Пока я медлил, раздался скрежет, а затем приглушенный звук удара. Это означало, что Залор сбросил с двери засов. Я низко пригнулся и осторожно повернул за угол, стараясь не выдать себя неосторожным движением. Я все еще хотел дать Залору последний шанс доказать свою невиновность; но если бы я преждевременно показался на виду, он мог бы придумать какое-нибудь совершенно безобидное объяснение своего присутствия в этом месте и в этот предутренний час.
Вновь послышались скрежещущие звуки, а затем неяркий луч фонаря исчез в помещении склада. Я бесшумно прокрался вперед и через несколько мгновений оказался перед зданием. Залор открыл только одну створку двери, и я спрятался за ней, хотя особой нужды в таких предосторожностях не было — там, на складе, карлик был слишком поглощен своими делами.
Теперь он действовал с безрассудным пренебрежением к шуму, и я мог слышать шуршание сгребаемой соломы. Я выглянул из-за края грубой деревянной двери. Залор поместил свой фонарик на один из наших генераторов; свет падал на пол и стены перед ним. Все наше оборудование было сложено рядом, подготовленное к завтрашней работе; пока я наблюдал, Залор закончил укладывать солому вокруг него и юркнул в дальний угол. Он вернулся с приземистым зеленым контейнером. Я узнал этот контейнер: в нем находился парафин, которого у нас было предостаточно на крайний случай или для использования в лампах, если мы работали вдали от вездеходов.
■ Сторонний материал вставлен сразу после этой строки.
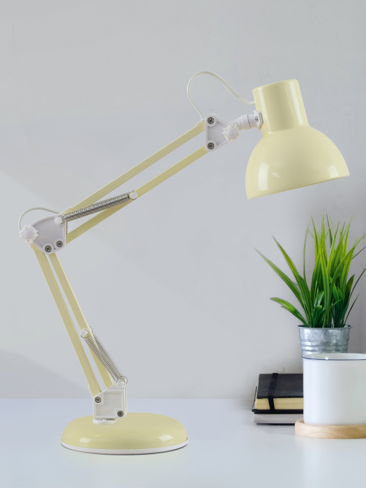 Настольный светильник HT-704 с лампой накаливания мощностью 60Вт, цоколем Е27 для создания местного и комбинированного освещения на учебных и рабочих местах, в местах чтения и отдыха. Конструкция светильников допускает установку плафона во всех плоскостях. Выключатель установлен на проводе, длина провода 1,5м.
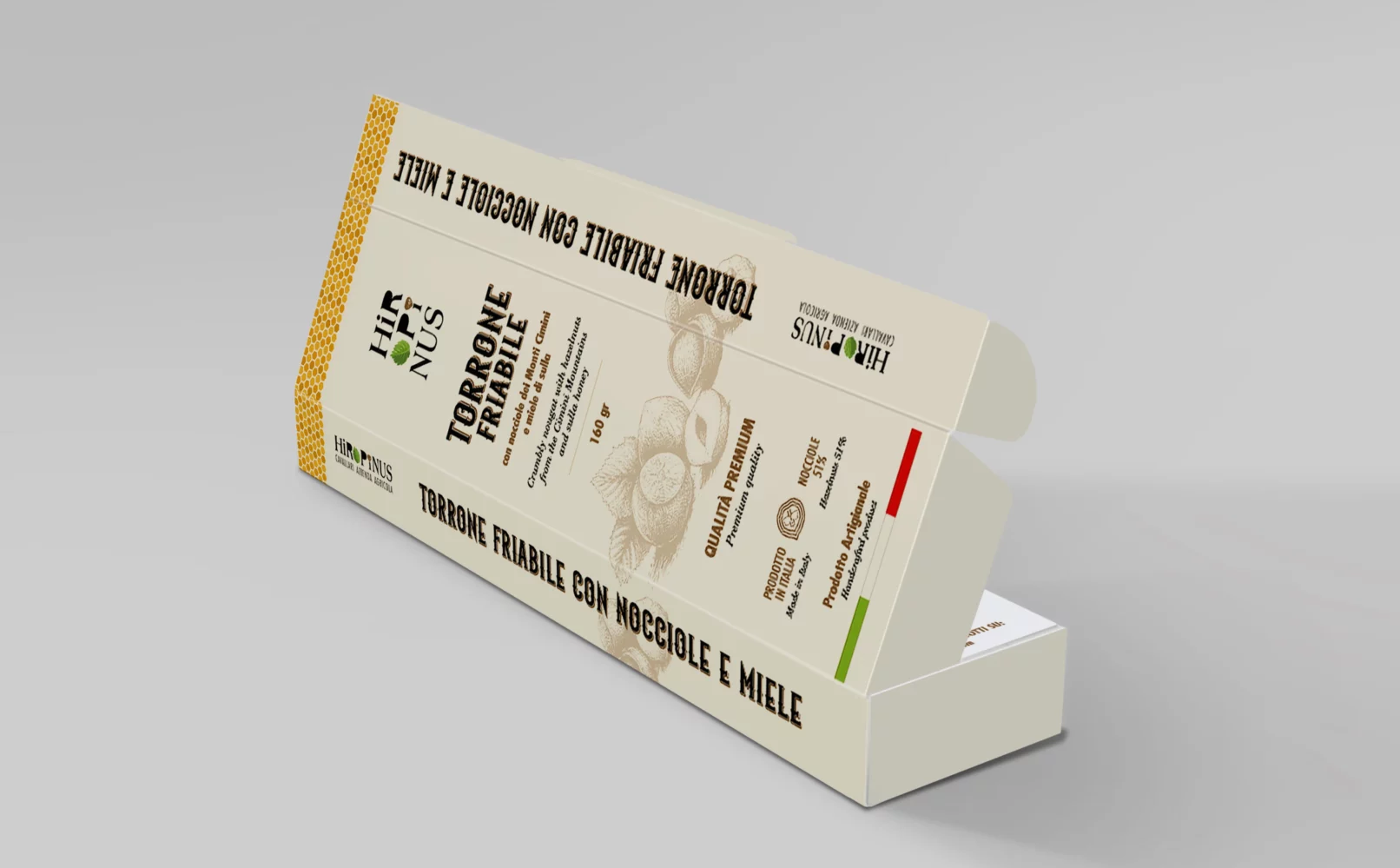 Questo approccio ci ha permesso di realizzare una serie di packaging coordinati che consolidano l’identità di Hirpinus, posizionando l’azienda come leader nel settore delle prelibatezze a base di nocciole.
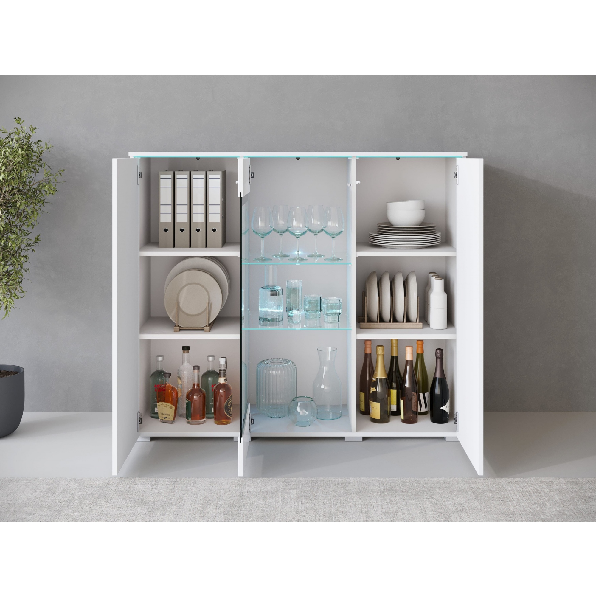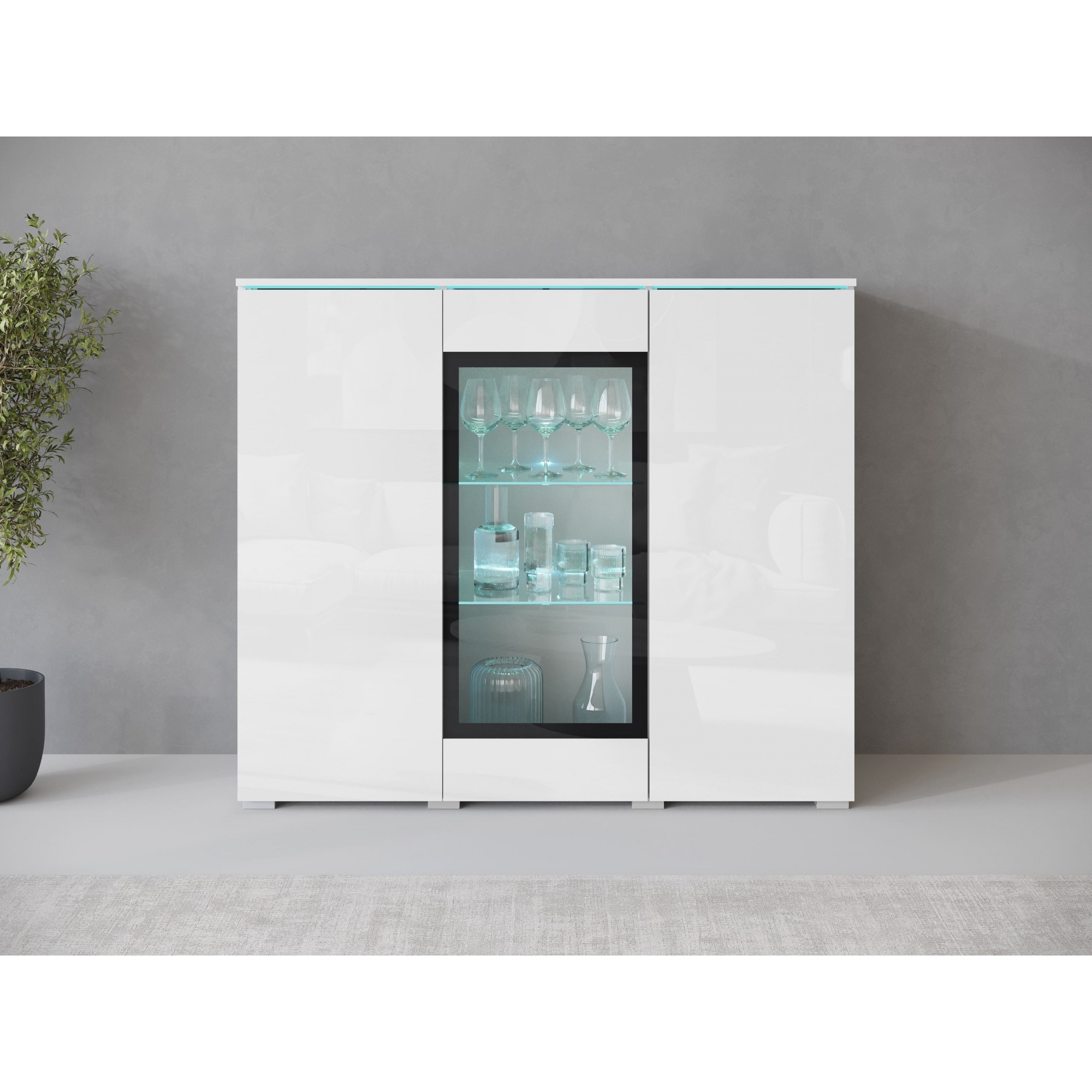 Eine funktionale Kommode, die Stauraum bietet und gleichzeitig als Sideboard im Esszimmer dient. Dank des Glases in der Mitte bietet die Kommode die Möglichkeit, Dekorationen, Geschirr oder Porzellan zu präsentieren. Die Seitenschränke hinter den durchgehenden Türfronten sind durch Einlegeböden unterteilt, sodass alles übersichtlich und schnell zugänglich ist. Alle Kommoden sind aus hochwertiger 15mm starker Schichtstoffplatte gefertigt, Fronten hochglänzend. Modell ohne Griffe, geöffnet mit „Push to Open“-System. Schubladenführungen - Rolle. Fronten und Korpussichtkanten mit ABS-Kante ummantelt. Der Einsatz zusätzlicher, optionaler LED-Beleuchtung verschönert viele Innenräume und der visuelle Effekt wird alle Gäste begeistern. |
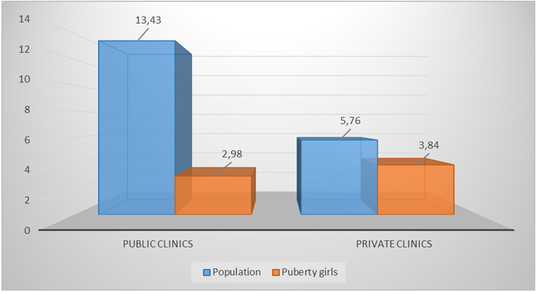 Key findings from the figure include:• In public clinics, 13.43% of the general population received preventive consultations, while only 2.98% of pubertal girls had access to such services.• In private clinics, the figures were 5.76% for the general population and 3.84% for pubertal girls.These results demonstrate an overall low level of preventive coverage across both groups, with especially limited access among adolescent girls in public clinics. The disparity suggests that preventive programs are not yet fully integrated into routine care, particularly for adolescents who may not seek dental care unless symptoms arise.This emphasizes the need for proactive outreach strategies targeting pubertal girls, as well as structural improvements to ensure that prevention is a routine part of dental services in both public and private sectors.Dentists identified several key risk factors for dental diseases in this age group. The most frequently cited were carbonated drink consumption (84.03%), poor oral hygiene (58.42%), and poor nutrition (16.81%). Girls also noted sweets as a major factor (76.14%), which dentists ranked much lower.These results suggest a disconnect between healthcare professionals' efforts and adolescents' expectations and needs. There is a clear demand for prevention programs tailored to pubertal girls integrating digital tools, age-sensitive communication, and parental involvement.
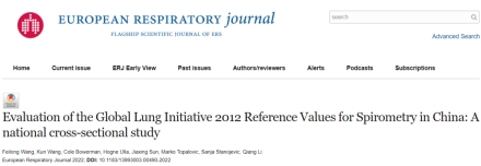2022年8月4日,太阳成集团tyc33455cc官网附属东方医院呼吸科李强、王飞龙等人在呼吸领域顶尖杂志European Respiratory Journal (IF=34) 在线发表题为“Evaluation of the Global Lung Initiative 2012 Reference Values for Spirometry in China: A national cross-sectional study”的研究论文,该项研究有望建立适合中国人的肺功能预测公式。
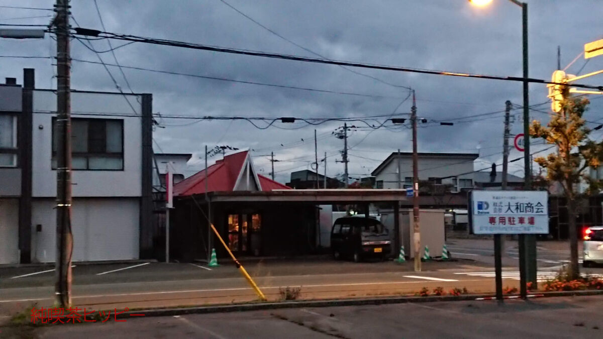 店の前、駐車場の屋根を増設していない頃は三角屋根が際立っていた。
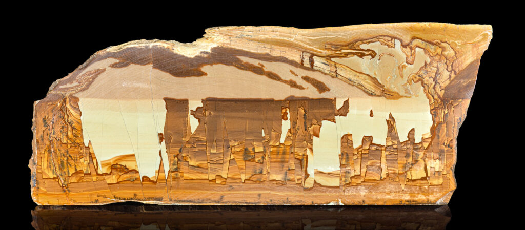The exhibition explores the writer’s sources of inspiration, starting with Patagonia, which he discovered during his exile in Argentina in 1939-1945, and which aroused his interest in picture stones – a kind of rock whose shape or natural motifs evoke images or landscapes. Visitors will follow Roger Caillois on his travels to Japan and China and discover his fascination for Asian cultures as well as his reinterpretation of the “mystical hikes” of Chinese scholars such as the Song-dynasty Chinese poet Mi Fu (1051 – 1107), who encouraged mental reverie through contemplation of the petrified world. This predilection for drawing parallels between mineral forms and the human experience is reminiscent of Leonardo da Vinci, whose influence is illustrated by pietra paesina (or ruin marbles), landscape marbles that resemble engravings and raise the question of a rivalry between artist and nature.
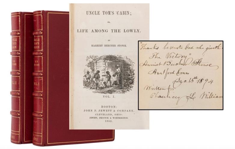 A first edition, first printing of Harriet Beecher Stowe's two-volume Uncle Tom’s Cabin; or, Life among the Lowly made $9,000. It retained its cloth slipcase and came with an autographed note by Stowe.
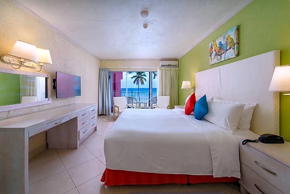 Every room is air-conditioned and well appointed with Caribbean style décor, private bathroom, balcony or patio and all units have telephone with data port and voice mail, radio, television with satellite, kettle, fridge, hairdryer and room safe. Most rooms have wireless access and you will find ‘hot spots’ in some public areas. Safety deposit boxes are available at the Front Desk free of charge. The ocean view rooms offer a stunning view of our beautiful beach. All of our rooms have balconies or patios so that you can bring a little bit of the ocean breezes into your room.
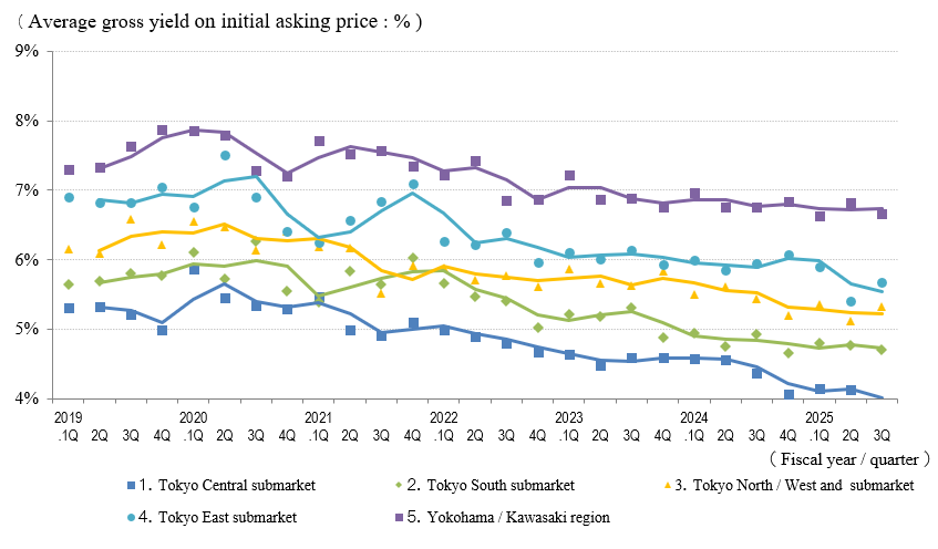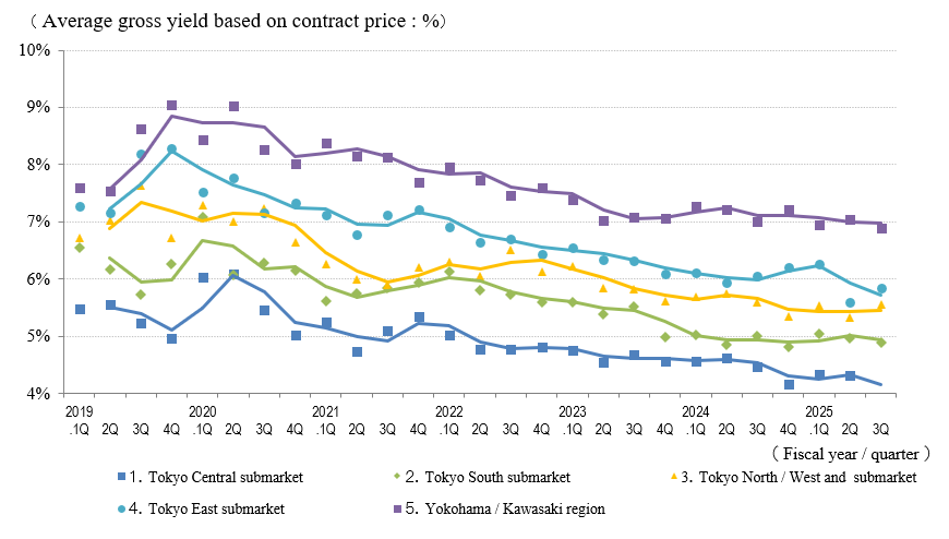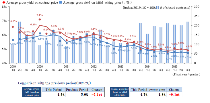 The indices of the average gross yield on the initial asking price and on the contract price were down by 0.2 points and 0.3 points quarter over quarter (QoQ) (prices rose), respectively, in the Tokyo Central submarket in 3Q of FY 2025, while the number of contracts made increased YoY. However, since this includes multiple properties contracted at low yields, conceivably for purposes of vacating and redevelopment instead of yields, the decreasing trend in yields warrants further monitoring.
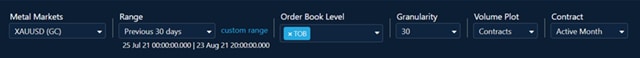 A look at CME Group metals futures order book volume for the selected order book levels.
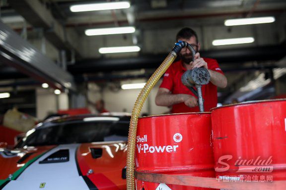 (维修车间,工作人员将壳牌V-Power能效燃油注入法拉利赛车)
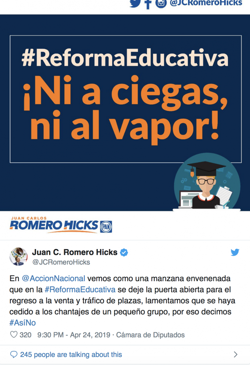 El líder panista Juan Carlos Romero Hicks afirmó en conferencia de prensa que este transitorio deja abierta la interpretación respecto al escalafón laboral en lugar del sistema de evaluación abierto.
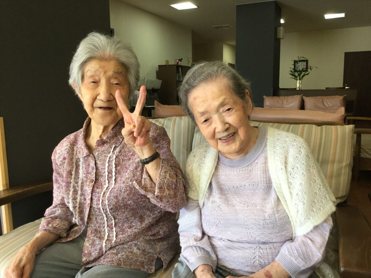 先日101歳を迎えられたSさんと、10月に101歳を迎えるKさんと二人並んでお話中です(*´꒳`*)なんだか二人いるだけでとっても明るい気持ちになれるので思わず「二人揃って201歳!!」とお話しすると仲良く手で201を作ってくれました⤴️✨
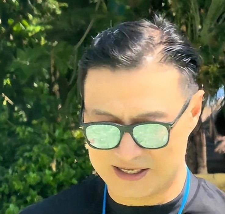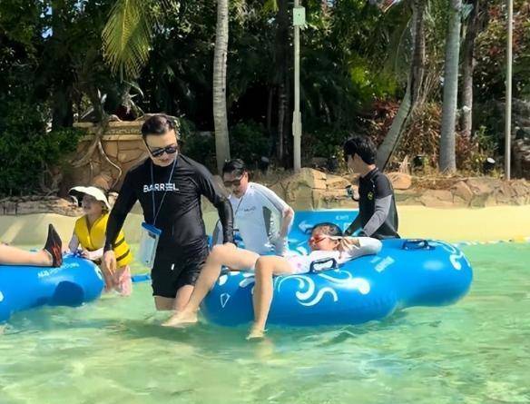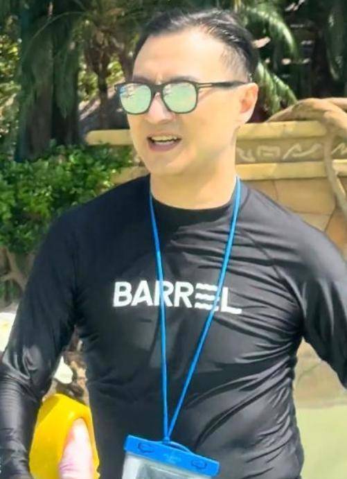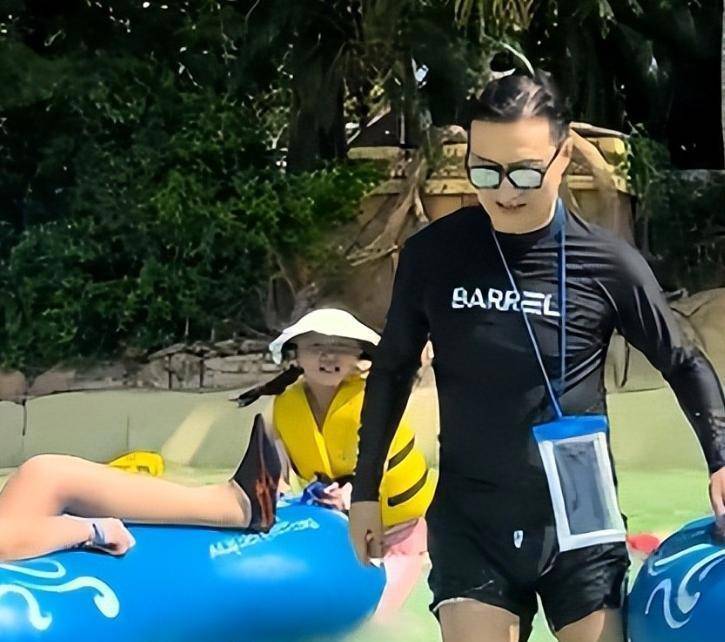 年过五旬的他,现身三亚,陪着孩子嬉水玩耍。

Мне больше не требовалось ждать. Спичечный коробок выпал из руки За-лора, когда я в бешенстве врезался в него, отправив карлика на пол. Однако он быстро вскочил, просипев что-то на своем отвратительном языке. Счастлив сообщить, что я нанес ему два хороших удара по плечам своим кожаным кнутом и с удовольствием услышал поросячий визг, которым он встретил мои удары. Тем не менее, он был крепким парнем, несмотря на свой маленький рост, и яростно напал на меня, выхватив из-за пояса нож с изогнутым лезвием.
Силясь удержать его руку с ножом, я выронил хлыст; тем временем он изловчился и ударил меня ногой в пах. Меня пронзила режущая боль, все вокруг потемнело, и я упал спиной на какие-то ящики. Он снова бросился на меня с ножом, но ударился коленями о какой-то низкий металлический предмет, случайно оказавшийся в том месте, и с воем рухнул на пол. Я уже поднялся на ноги, и кто знает, чем бы все закончилось, если бы я с радостью не услышал голос Скарсдейла, звавшего меня с площади.
Карлик замер, затем со сдавленным криком ненависти сунул нож обратно за пояс, выбежал за дверь и растворился в ночи. Я с трудом дотащился до двери и снова упал на пороге. Должно быть, я представлял собой жалкое зрелище: тяжело дыша, покрытый грязью и соломой, я бормотал прерывающимся голосом свою бессвязную историю, а гигантская фигура профессора вырисовывалась передо мной в тусклом свете фонарика.
Скарсдейл схватил меня за руку и стиснул зубы, оглядывая помещение. Он усадил меня на один из перевернутых ящиков и прервал мой горячечный поток слов.
— Напротив, мой дорогой Плоурайт, вы справились на редкость хорошо, — сказал он. — Если бы Зал ору удалось сжечь снаряжение, Большой северной экспедиции пришел бы конец. Это моя вина. Я должен был предвидеть нечто подобное и выставить охрану.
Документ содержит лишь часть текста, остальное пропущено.